Apheris Hub Kubernetes Deployment🔗
This guide covers deploying and configuring Apheris Hub on Kubernetes using Helm.
Prerequisites🔗
- A Kubernetes cluster in a recent version (>= 1.30)
- Helm CLI (>= v3)
- A PostgreSQL database
- A Storage Provisioner that supports
ReadWriteManyandReadWriteOnceaccessModes - An Ingress or Gateway Controller that enables network access to the Kubernetes cluster
- NVIDIA GPU support for GPU workloads on the Kubernetes cluster (required to run OpenFold3 and Boltz-2)
1. Create a Namespace for the Apheris Hub🔗
kubectl create namespace apheris-hub
2. Request the Apheris Hub API Key🔗
You need the Apheris Hub API Key to pull the model images from the Quay.io registry and to authenticate with the Apheris-hosted Foldify MSA server. Request your Apheris Hub API Key from https://www.apheris.com/apherisfold or contact support@apheris.com.
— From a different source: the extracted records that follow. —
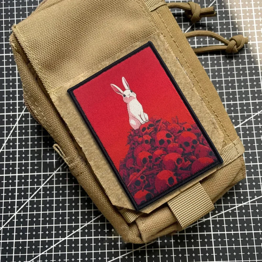 Parche táctico de calavera de conejo, parches divertidos de gancho y bucle, insignia militar de moral, brazalete del ejército, pegatinas para mochila
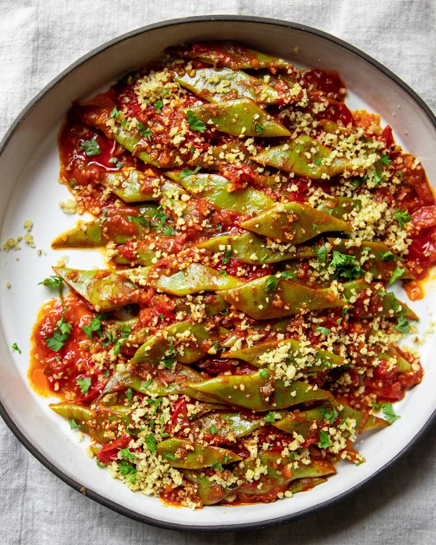 Once the Romano beans are done simmering, stir in the ½ teaspoon of tamari soy sauce. Check the dish for seasoning and adjust if necessary. Serve the braised Romano beans warm with the lemony walnut mixture and parsley sprinkled on top. Garnish with chili oil if you like.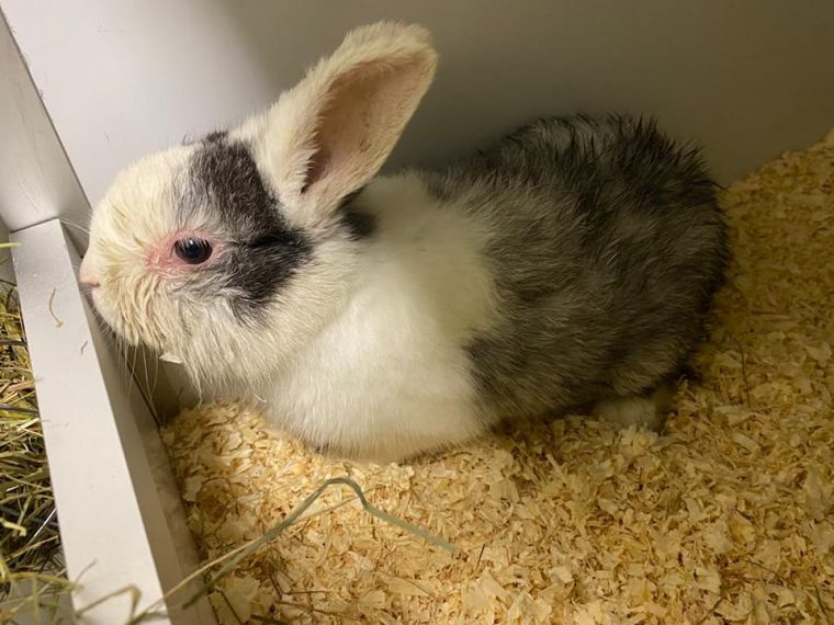 Het konijn was vies, had ontstoken ogen en was zeer schichtig. Vrijwilligers van de dierenambulance gaven het konijntje een lekkere bak voer en met de juiste medicatie is het momenteel tot rust aan het komen in quarantaine.

The key is a base64-encoded username:password secret. Decode it to inspect the username and token before you deploy:
echo -n "your-apheris-api-key" | base64 --decode
# => your-apheris-username:your-apheris-password
Set the decoded values in your Helm values so the chart can build the image pull secret:
models:
imagePullUsername: "your-apheris-username"
imagePullPassword: "your-apheris-password"
hub:
msa:
enabled: true
apiKey: "your-apheris-api-key"
hub.msa.apiKey expects the original base64 string and is required whenever you
enable the Foldify MSA integration (the chart defaults to enabled: false). If
you host the Apheris images in a private registry, continue to supply the
original Apheris key for hub.msa.apiKey so the Hub can reach
msa.foldify.apheris.net with valid credentials. Keep the pull secret
confidential and do not commit it to version control.
3. Add a secret with a PostgreSQL DSN🔗
You can add a DSN for an existing PostgreSQL database with:
kubectl create secret generic hub-db-dsn --from-literal=dsn=<existing_dsn> \
--namespace=apheris-hub
We recommend using the managed database offering of your cloud provider in its PostgreSQL flavor, for instance Amazon RDS for PostgreSQL (AWS), Google Cloud SQL for PostgreSQL (GCP) or Azure Database for PostgreSQL (Microsoft Azure).
4. Create apheris-hub-values.yaml with values for the helm release🔗
Find the complete values reference at Helm Chart Values Reference.
The following are lightly annotated values with placeholders:
hub:
postgresDsnSecretName: hub-db-dsn
ingress:
className: <ingress_class_name>
hostname: <ingress_hostname>
# TLS Termination at the ingress controller level.
tls:
enabled: <true|false>
# Name of a secret that contains the certificate material in the
# format documented in https://kubernetes.io/docs/concepts/services-networking/ingress/#tls
secretName: <tls_secret_name>
models:
imagePullUsername: <provided by Apheris>
imagePullPassword: <provided by Apheris>
persistence:
# The provisioner for this `storageClass` needs to
# support `ReadWriteMany` `accessMode`.
#
storageClass: <storage_class_that_supports_read_write_many>
# This is the space available for
# persisting inference results.
#
# `50Gi` is the minimum size (and default)
# we recommend `500Gi` if you can make that happen.
#
size: 50Gi
# The `mock` model is the only default model that the chart
# deploys with the default values.
#
# You can enable deployment of other default models by setting
# `deploy.enabled=true`, so for instance
# `models.instances.boltz2.deploy.enabled=true` or
# `models.instances.openfold3.deploy.enabled=true`.
#
instances:
boltz2:
deploy:
enabled: <true|false>
mock:
deploy:
enabled: <true|false>
openfold3:
deploy:
enabled: <true|false>
5. Install the helm release🔗
helm install apheris-hub oci://quay.io/apheris/hub-chart \
--namespace=apheris-hub \
--values=apheris-hub-values.yaml \
--wait \
--timeout=15m
6. Access the Apheris Hub installation🔗
You can now access your Apheris Hub installation via the configured ingress.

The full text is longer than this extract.